Data to examine
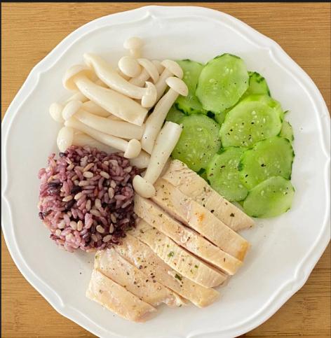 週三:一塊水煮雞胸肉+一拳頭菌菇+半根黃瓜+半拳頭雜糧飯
==
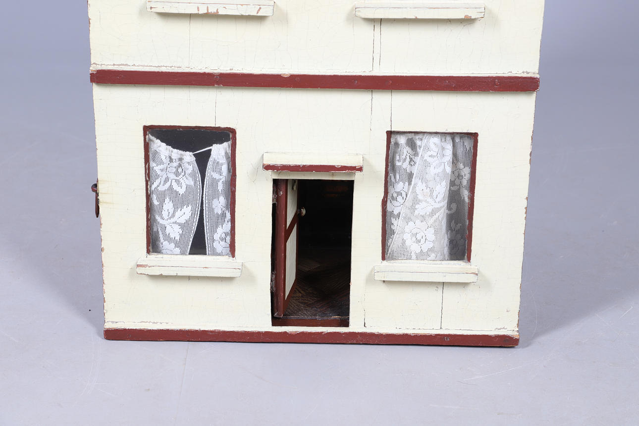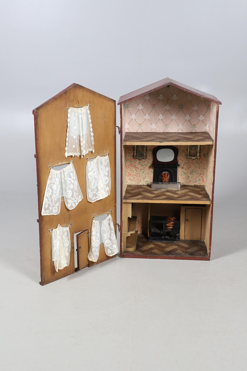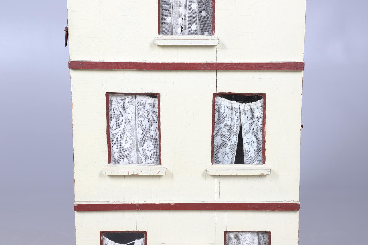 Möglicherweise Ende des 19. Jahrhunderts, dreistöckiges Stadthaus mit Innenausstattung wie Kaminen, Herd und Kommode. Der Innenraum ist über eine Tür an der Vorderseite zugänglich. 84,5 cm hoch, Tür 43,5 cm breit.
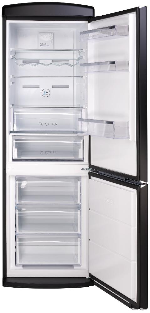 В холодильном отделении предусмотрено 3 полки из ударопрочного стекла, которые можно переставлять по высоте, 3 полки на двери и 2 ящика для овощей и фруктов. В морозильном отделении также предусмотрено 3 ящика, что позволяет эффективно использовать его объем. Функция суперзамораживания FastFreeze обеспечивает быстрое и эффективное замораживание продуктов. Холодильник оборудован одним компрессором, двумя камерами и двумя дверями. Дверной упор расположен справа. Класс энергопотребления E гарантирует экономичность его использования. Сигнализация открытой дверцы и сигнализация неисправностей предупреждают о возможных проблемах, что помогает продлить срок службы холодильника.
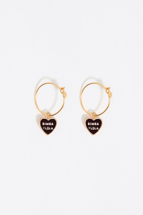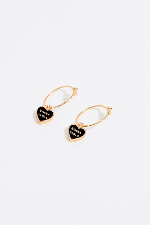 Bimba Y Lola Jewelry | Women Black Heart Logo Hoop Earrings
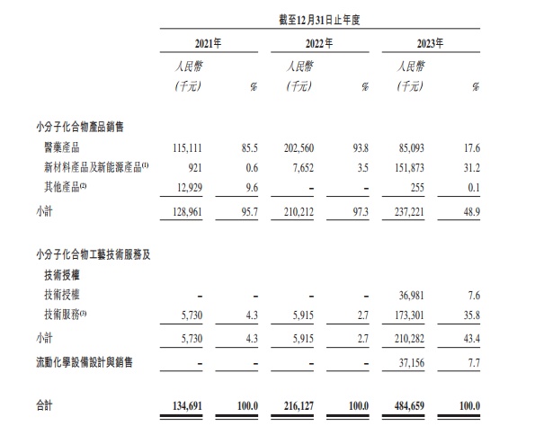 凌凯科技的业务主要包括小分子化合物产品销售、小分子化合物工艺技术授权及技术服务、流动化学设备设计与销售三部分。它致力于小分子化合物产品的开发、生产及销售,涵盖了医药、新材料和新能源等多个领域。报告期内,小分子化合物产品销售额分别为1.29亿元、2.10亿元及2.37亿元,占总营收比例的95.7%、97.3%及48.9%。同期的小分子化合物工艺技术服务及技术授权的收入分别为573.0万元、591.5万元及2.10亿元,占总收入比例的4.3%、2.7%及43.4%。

What to produce
Extract, without any images, the part of the material above that opens with the line containing "Bimba Y Lola" and closes with the line containing "凌凯科技的业务主要包括小分子", both lines included.

Expected answer
 Bimba Y Lola Jewelry | Women Black Heart Logo Hoop Earrings
 凌凯科技的业务主要包括小分子化合物产品销售、小分子化合物工艺技术授权及技术服务、流动化学设备设计与销售三部分。它致力于小分子化合物产品的开发、生产及销售,涵盖了医药、新材料和新能源等多个领域。报告期内,小分子化合物产品销售额分别为1.29亿元、2.10亿元及2.37亿元,占总营收比例的95.7%、97.3%及48.9%。同期的小分子化合物工艺技术服务及技术授权的收入分别为573.0万元、591.5万元及2.10亿元,占总收入比例的4.3%、2.7%及43.4%。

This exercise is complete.